The following techniques are supported to adapt any model for the above mentioned tasks -

LoRA (Low Rank Adaptation)

LoRA is a Parameter-Efficient Fine-Tuning (PEFT) technique that optimizes AI models by introducing low-rank matrices to adjust the weights of pre-trained neural networks. This approach allows for significant improvements in model performance with minimal additional parameters, making it an efficient method for customizing AI models for specific tasks without the need for extensive retraining or computational resources.

Argument : method = "LoRA"

Parameter Value (Datatype) Default Value Description
r int 8 Rank of the low-rank approximation.
alpha int 16 Scaling factor for LoRA adjustments.
dropout float 0.1 Dropout rate for regularization.
target_modules Modules within the model targeted for tuning.
fan_in_fan_out bool False Whether to adjust initialization based on fan-in/fan-out.
init_lora_weights bool True Initializes LoRA weights if set to True.

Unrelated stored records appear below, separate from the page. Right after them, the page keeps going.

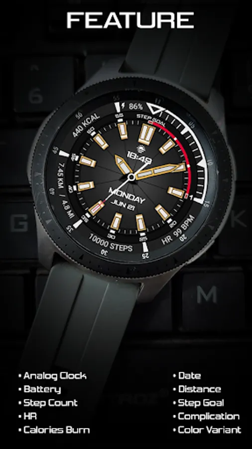 Analog Sport V5 watchface for daily and sport activities. For Wear OS smartwatch. Feature :
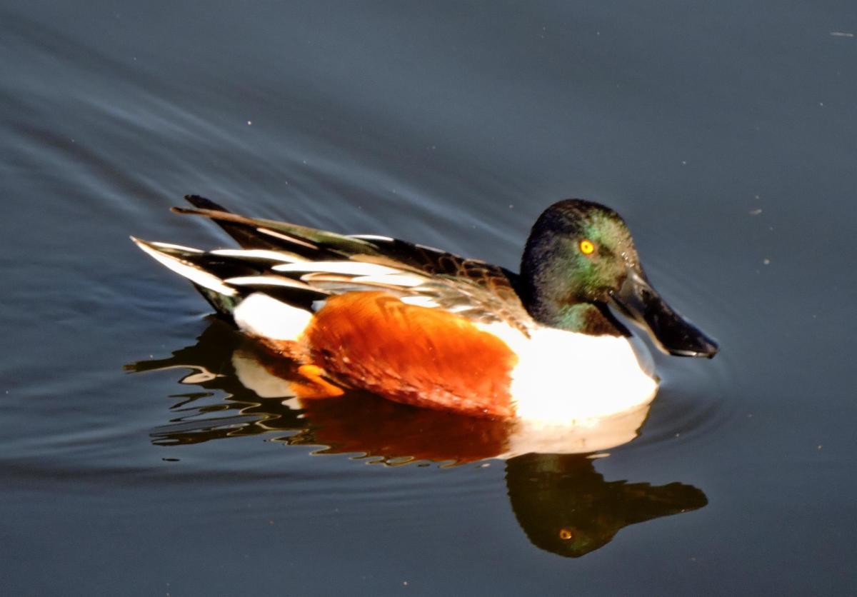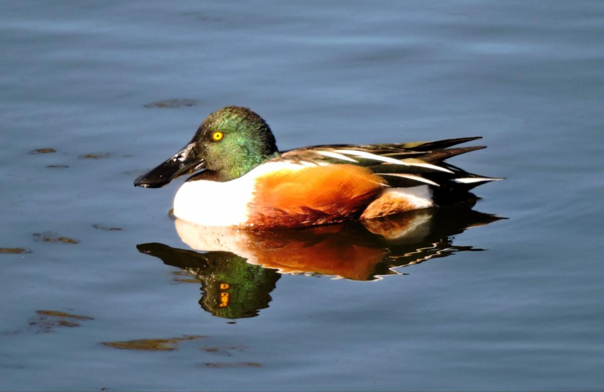 Northern Shovelers are fairly common winter visitors in our area; migrating down the Pacific Flyway from Alaska, Canada and northern US after the summer breeding season. They are a common wide-spread duck; found in many other areas of the world including Europe, Southeast Asia, Africa and South America.
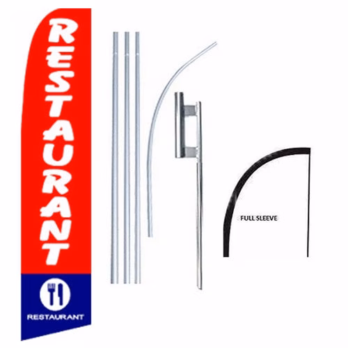 15′ Restaurant Windless Business Bow Swooper Feather Flag Kit. Designed to dispay the full advertisement without any wind, although they fly with a rippling effect with the slightest breeze.
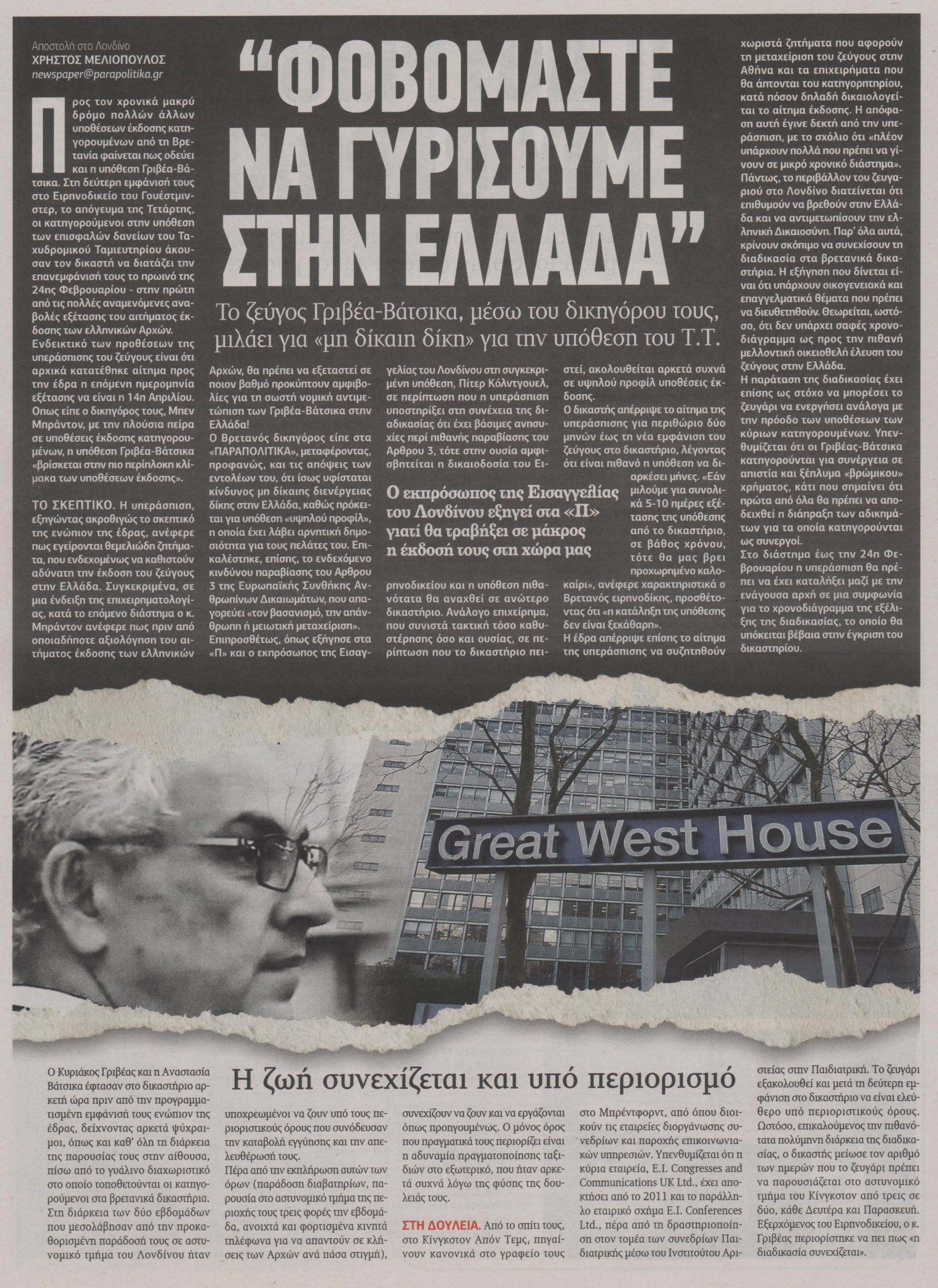 Ο δικηγόρος του ζεύγους Μπεν Μπράντον εξήγησε ενώπιον της έδρας στο δικαστήριο του Γουεστμίνστερ ότι εγείρονται θεμελιώδη ζητήματα, που ενδεχομένως να καθιστούν αδύνατη την έκδοση του ζεύγους στην Ελλάδα. Ζήτησε να εξεταστεί σε ποιον βαθμό προκύπτουν αμφιβολίες για τη σωστή νομική αντιμετώπιση των Γριβέα-Βάτσικα στην Ελλάδα!
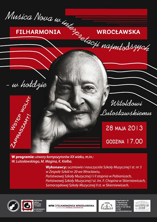 Młodzieżowa Orkiestra Kameralna z PSM I i II st. w Pabianicach i kwartet skrzypcowy "Wiolinki", obydwa zespoły prowadzone przez prof. Rafała Rydygera oraz ośmioosobowy zespół "Smyki" prowadzony przez prof. Małgorzatę Karwat wystąpią we wtorek - 28 maja 2013 roku, o godz. 17:00 w Filharmonii Wrocławskiej na koncercie z okazji 100-lecia urodzin Witolda Lutosławskiego. Reprezentanci szkoły muzycznej w Pabianicach wykonają m.in. koncert fortepianowy Miłosza Magina. Jako solistka zagra na fortepianie z towarzyszeniem orkiestry Oliwia Różańska.
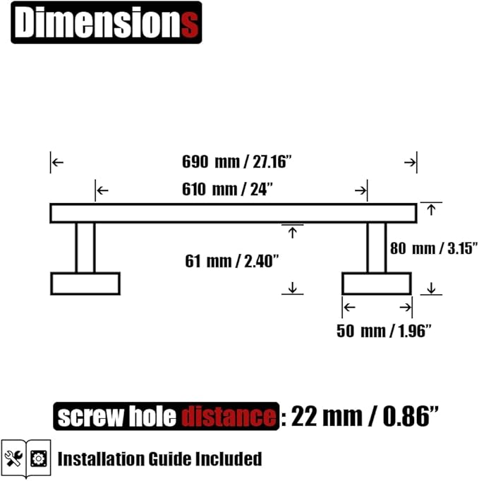 - 【Note Measure Before Buying Need 28 Inch Space】 Dimensions 27.15x3.15x1.96 Inch, 24 Inch USEABLE Bar, No need to fold your towel any more.

SSF (Scaling and Shifting your Features)

SSF adjusts the scale (multiplication) and shift (addition) of features within a neural network to better adapt the model to specific tasks or datasets. By applying these simple yet effective transformations, SSF aims to enhance model performance without the need for extensive retraining or adding a significant number of parameters. This technique is particularly useful for fine-tuning pre-trained models in a more resource-efficient manner, allowing for targeted improvements with minimal computational cost.

Argument : method = "SSF"

DoRA (Weight-Decomposed Low-Rank Adaptation)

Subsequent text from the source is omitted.